🤖 AI Summary
This work addresses the cross-view image generation problem from aerial to ground-level perspectives, tackling challenges arising from extreme viewpoint discrepancies, severe occlusions, and field-of-view limitations—leading to geometric distortions and semantic inconsistencies. We propose a height-aware dual-conditional diffusion model that jointly leverages spatial features encoded by a VAE and semantic embeddings from CLIP as complementary constraints in the denoising process—eliminating the need for explicit depth maps or 3D voxel representations. To our knowledge, this is the first approach to integrate such heterogeneous features for synergistic optimization of geometric plausibility and semantic fidelity. The method performs end-to-end cross-view synthesis and achieves an average 7.3% SSIM improvement over prior methods on CVUSA, CVACT, and Auto Arborist benchmarks. It notably enhances generation quality under both wide and narrow field-of-view conditions, demonstrating strong generalization and robustness.
📝 Abstract
Generating ground-level images from aerial views is a challenging task due to extreme viewpoint disparity, occlusions, and a limited field of view. We introduce Top2Ground, a novel diffusion-based method that directly generates photorealistic ground-view images from aerial input images without relying on intermediate representations such as depth maps or 3D voxels.

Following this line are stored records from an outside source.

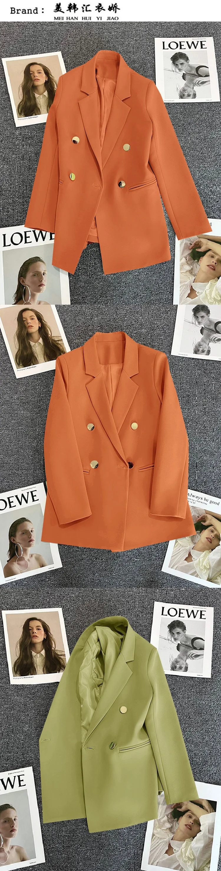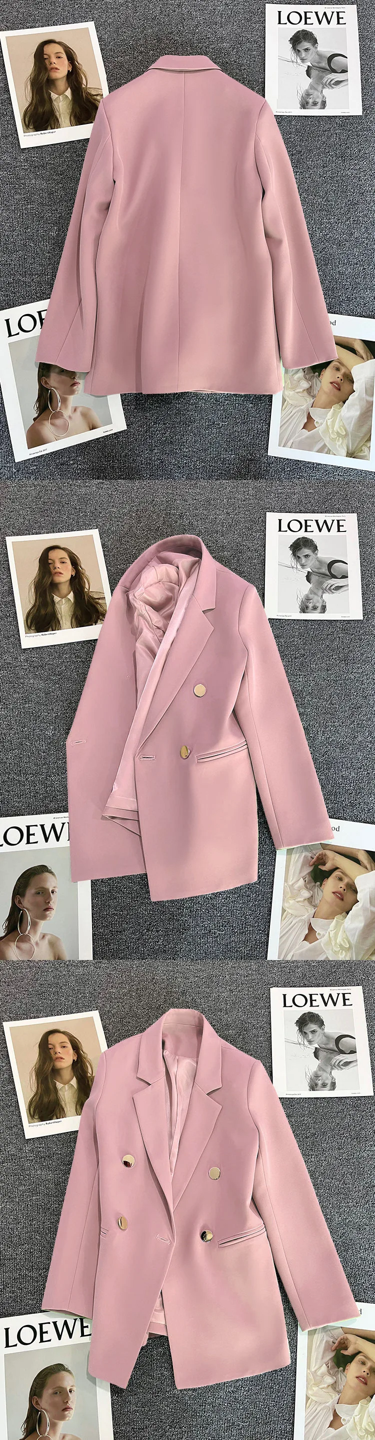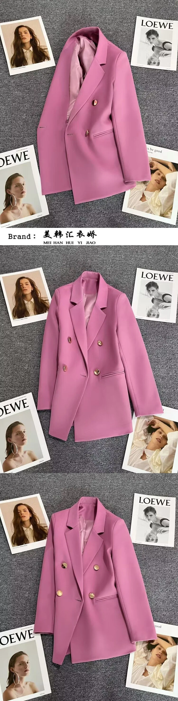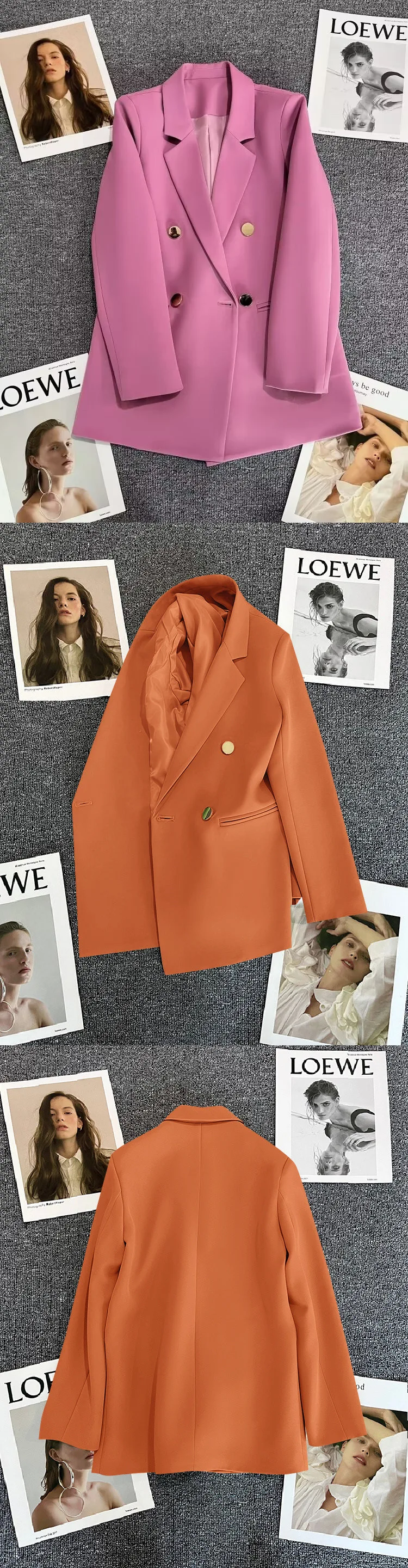 Candy Color OL Blazer Spring Autumn Notched Long Sleeve Double Breasted Metal Button Slim Pocket Blazer Coats ZXFS-S602
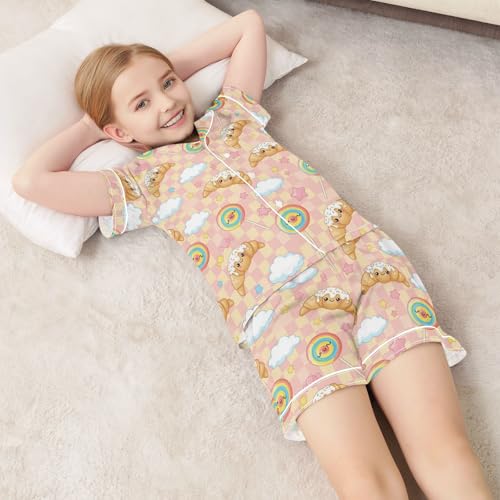 Satin Pajama Sets Short Sleeve Cute Croissant and Lollipops Button Down Silky Nightwear 2 Piece PJS 5-14Y 1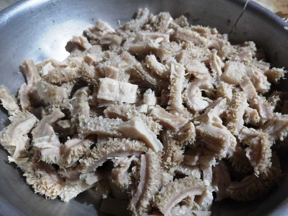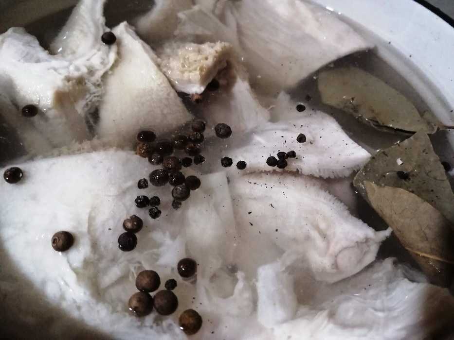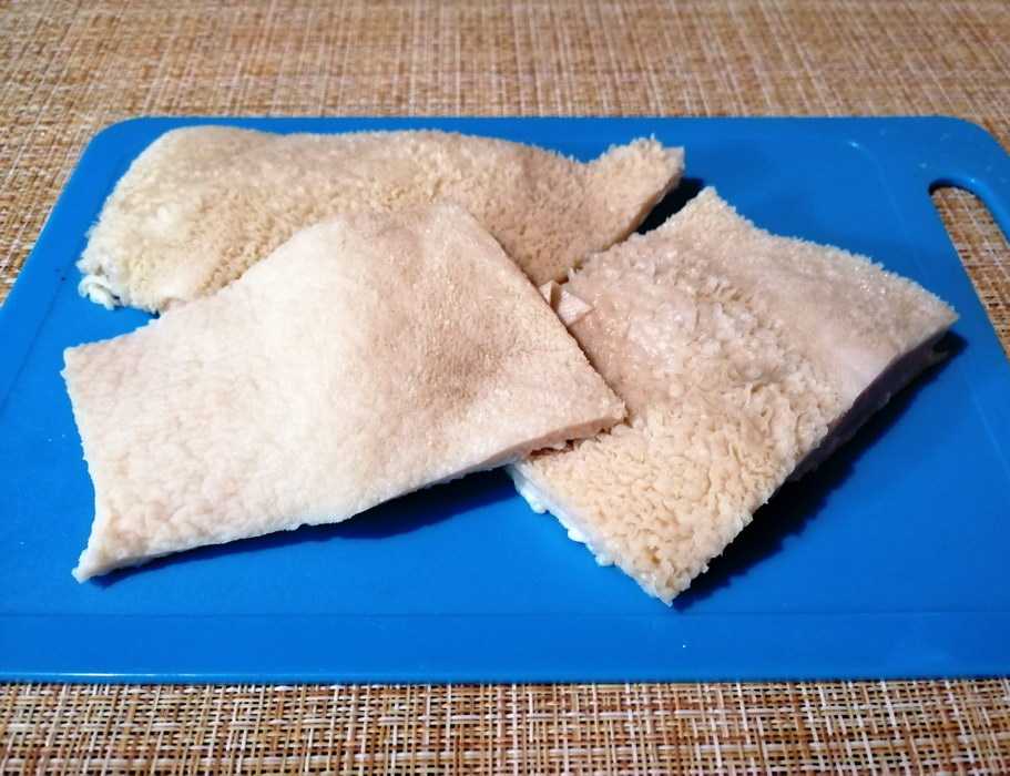 Чтобы облегчить себе жизнь нужно приобретать рубец полностью очищенный, чем вы сэкономите время. Если такого найти не сможете, приобретайте нечищеный, при этом выбирайте наиболее белые куски. Дальнейшую подготовку поделим на три этапа, и рассмотрим каждый по отдельности.
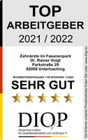 Die Praxis „Zahnärzte im Fasanenpark“ von Dr. Rainer Voigt aus Unterhaching hat es geschafft und das Arbeitgebersiegel Top Arbeitgeber mit der Bewertung sehr gut vom DIQP (Deutsches Institut für Qualitätsstandards und -prüfung e.V.) erhalten. Vorausgegangen war eine anonyme Mitarbeiterbefragung welche zum Ende 2020 in der Praxis „Zahnärzte im Fasanenpark“ durchgeführt wurde. Darin wurden die Beschäftigten unter anderem nach ihrer Gesamtzufriedenheit und der Weiterempfehlung der Praxis „Zahnärzte im Fasanenpark“ als Arbeitgeber gefragt. Außerdem wurden die Leistungen des Unternehmens abgefragt und bewertet. Dazu gehören unter anderem verschiedene Zusatzleistungen, welche die Praxis „Zahnärzte im Fasanenpark“ seinen Beschäftigten anbietet um ein Arbeitgebersiegel als Top Arbeitgeber (DIQP) zu erlangen.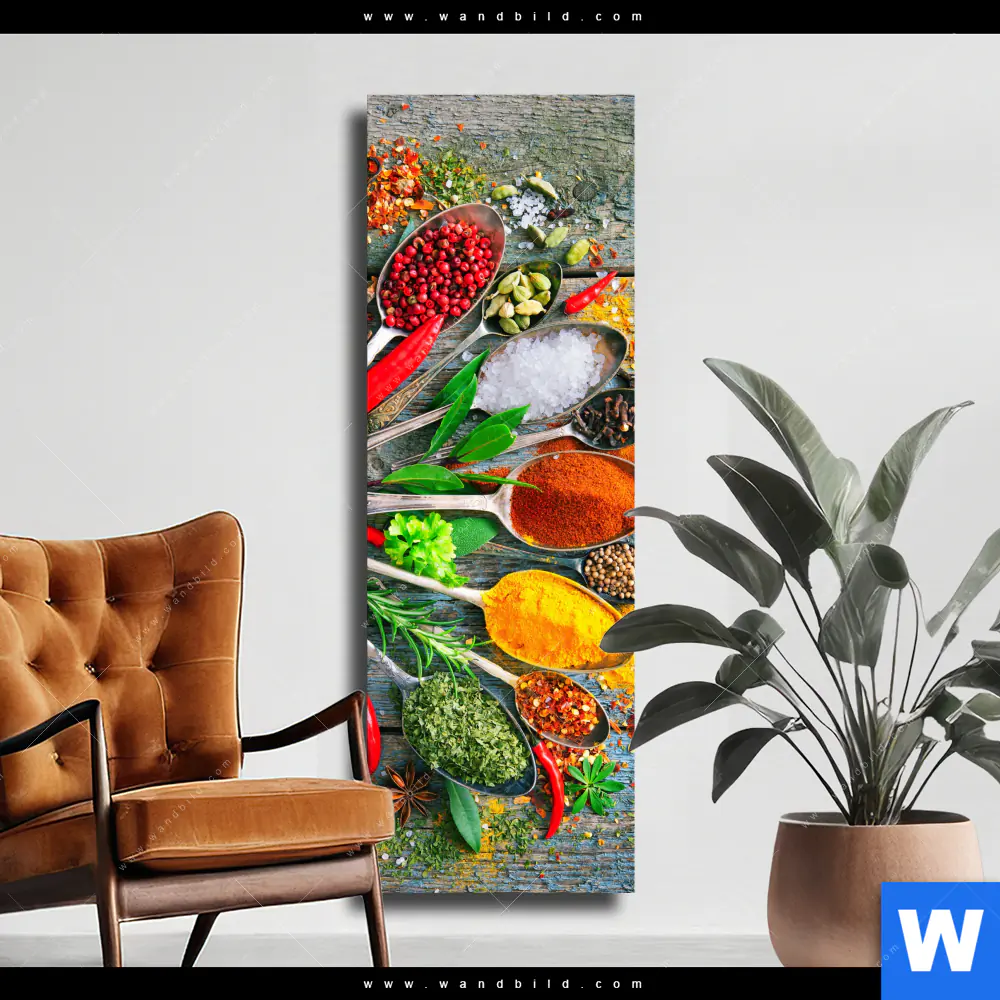 Leinwandbild | Löffel mit Kräutern und Gewürzen | Schmal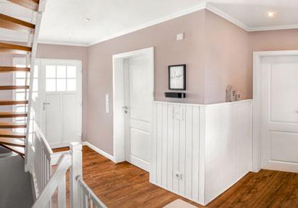 Schweden in der Pfalz. Dafür sorgen L andhaus-Elemente wie die Wandvertäfelung im Flur.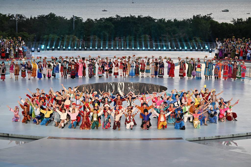 在“天涯海角星”纪念雕塑附近,台湾少数民族代表团表演者身着特色民族服饰,手拉手围成一个圆,在《我们都是一家人》的歌声中,为观众献上热情舞蹈。不少代表团成员进入圆圈中,用手机将这份欢乐与温馨定格。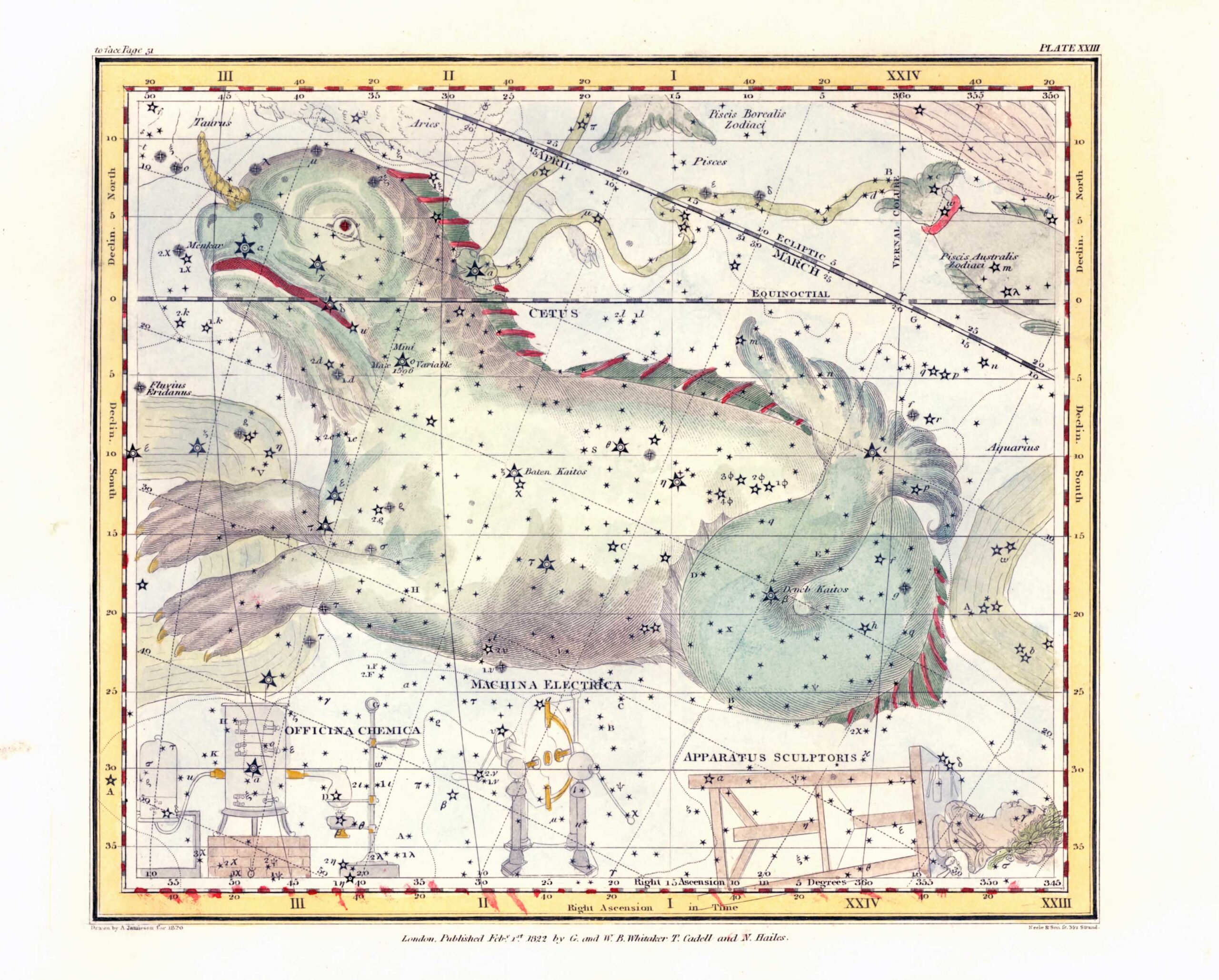 1822 Antique Engraving CELESTIAL CONSTELLATION CETUS MACHINA ELECTRICA (CA-17)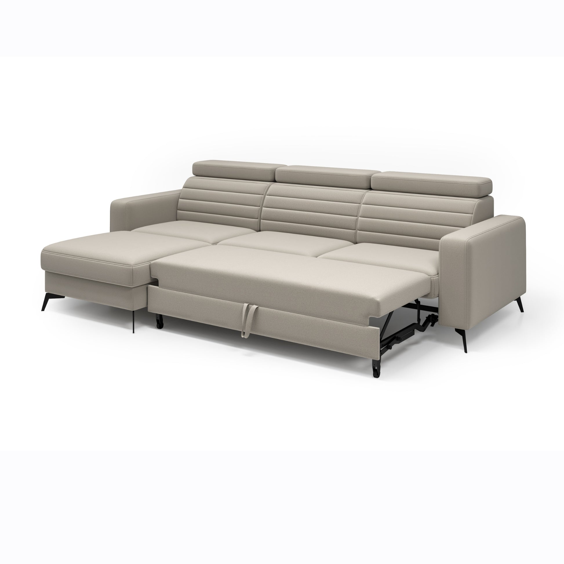 In addition to its elegant design, the Amaro sectional features a convenient sleeping function that can be easily unfolded with a 'dolphin-type automatic mechanism. It also includes a spacious storage compartment, providing a practical and versatile addition to your living space.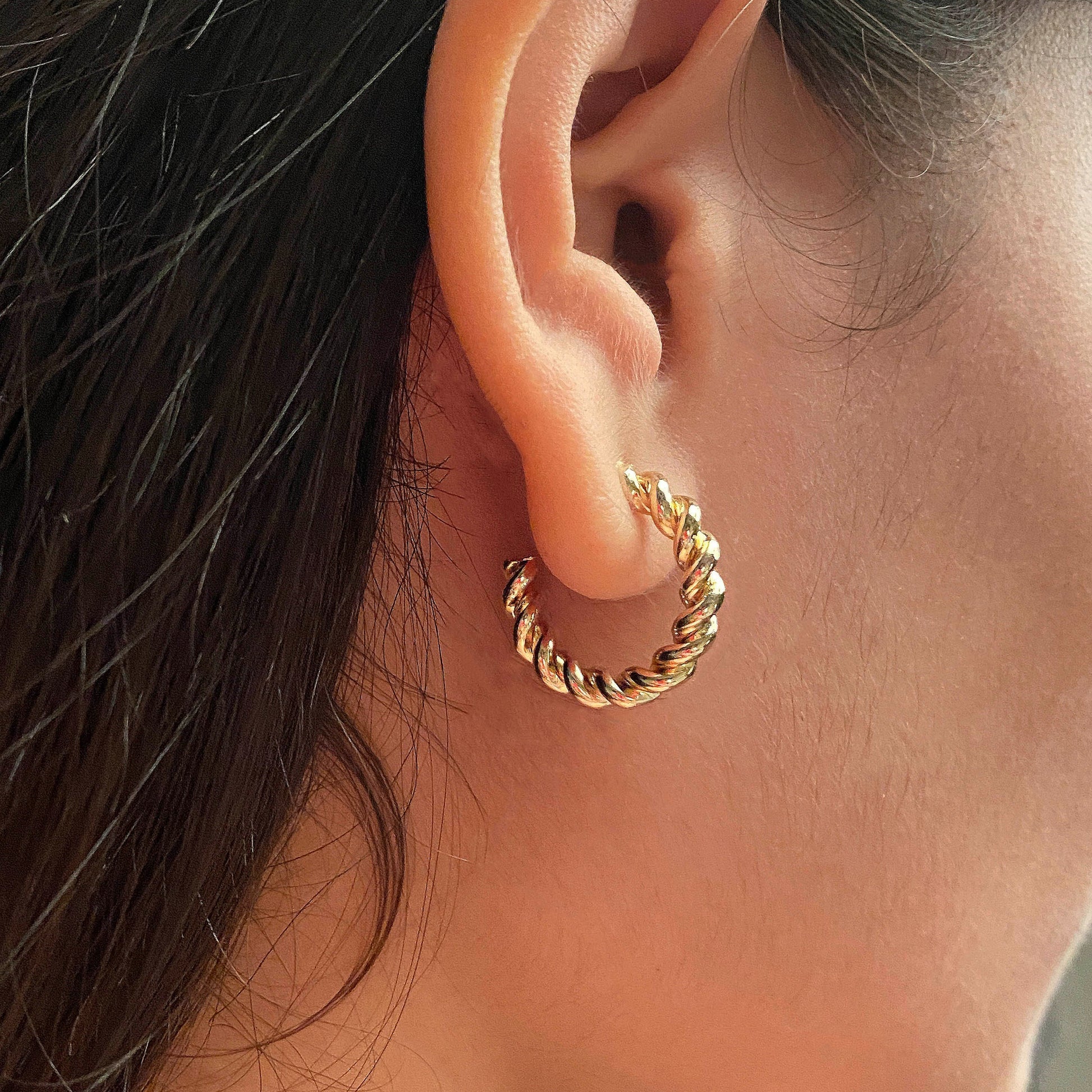 In any collection of essential pieces of jewelry, hoop earrings are, without a question, a linchpin—a must-have, a go-to, a classic staple. Regardless of size, metal, and material, hoop earrings never fail to make one feel more put together. Available in 18k Solid Gold.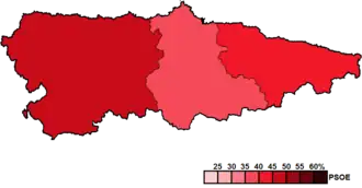 7. ^ a b c d "Elecciones a la Junta General del Principado de Asturias (1983 - 2019)". Historia Electoral.com (in Spanish). Retrieved 27 September 2017.
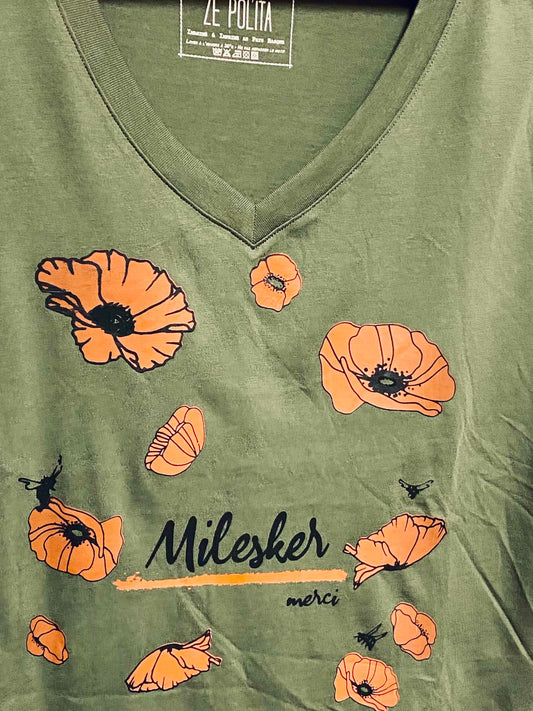 T-shirt femme col rond fluide - MILESKER/MERCI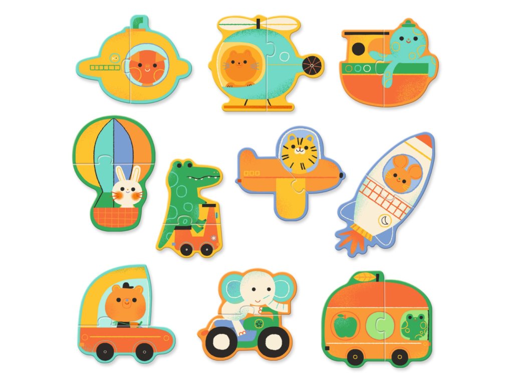 Puzzle Duo Dopravné prostriedky 10 ks Prvé puzzle pre malých fanúšikov áut a strojov Vydaj sa na dobrodružstvo plné áut, lietadiel a ďalších dopravných prostriedkov s edukatívnym puzzle Djeco Duo! Táto sada 10 dvojdielnych skladačiek je navrhnutá špeciálne pre malé detské rúčky od 2 rokov. Každé puzzle pozostáva z dvoch dielikov – deti sa učia priraďovať správne kombinácie, čím si rozvíjajú jemnú motoriku, logické myslenie a vizuálne vnímanie. Vďaka samoopravnému systému puzzle zapadne len tá správna kombinácia. Ideálne na prvé zoznámenie s puzzle svetom!Dodatočné parametre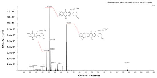 With regard to acidic degradation, we propose the following mechanistic pathways. The AD1 impurity arises from the partial hydrolysis of the quinazoline ring (Figure 3). Hydrolysis under acidic conditions is a characteristic feature of this heterocyclic system. To confirm the suggested molecular structures from the proposed reaction mechanism, measurements were carried out using a high-resolution mass spectrometer. Figure 4 illustrates the acquired mass spectra, accompanied by the structural representations of the identified compounds, which are the predominant fragmentation products detected at mass-to-charge ratios of 492.31698 m/z, 357.23484 m/z, and 329.22229 m/z. Importantly, the impurities were denoted as AD1, which we verified in our investigation. This finding is consistent with previous studies conducted by Yadav et al. [] and Huang et al. [], who reported similar impurities under comparable conditions. The retention time consistency observed in chromatograms further supports the reliability of our identification.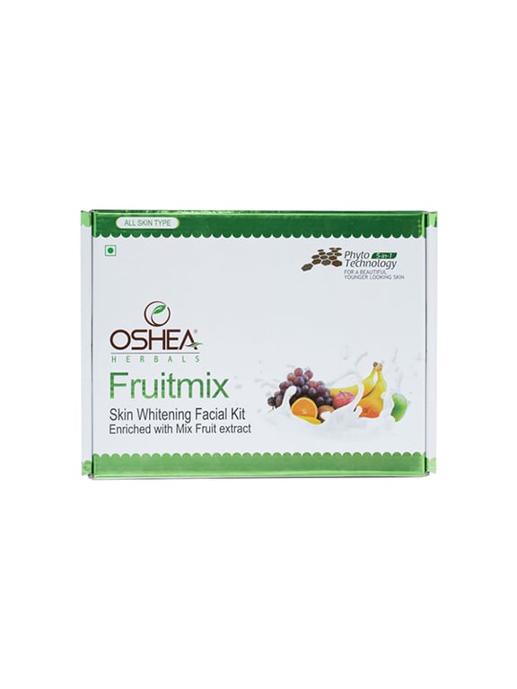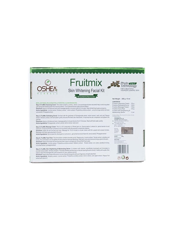 Oshea Herbals Fruitmix Skin Whitening Facial Kit provides a 5 step Phyto tech regimen enriched with fruit extracts, delivers deep hydration rejuvenation and visible whitening for a brighter smoother and younger looking complexion for all skin types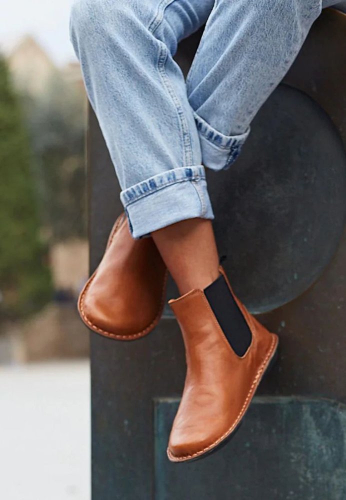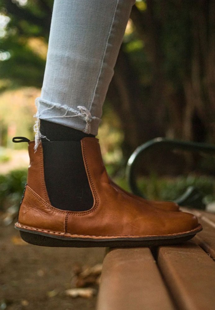 HELSINKI Leather Cognac Brown er en klassisk og slidstærk unisex Chelsea-støvle, der forener tidløst design med høj komfort. Modellen har elastiske sider og praktiske hælstropper, så den er let at tage af og på, og dækker anklen for et elegant udtryk. Den ergonomiske og lette konstruktion former sig efter din fod og bliver mere behagelig for hver gang du bruger dem – perfekte til både hverdagsbrug, arbejde og fritid.

Specifically, we condition the denoising process on a joint representation of VAE-encoded spatial features (derived from aerial RGB images and an estimated height map) and CLIP-based semantic embeddings. This design ensures the generation is both geometrically constrained by the scene's 3D structure and semantically consistent with its content. We evaluate Top2Ground on three diverse datasets: CVUSA, CVACT, and the Auto Arborist. Our approach shows 7.3% average improvement in SSIM across three benchmark datasets, showing Top2Ground can robustly handle both wide and narrow fields of view, highlighting its strong generalization capabilities.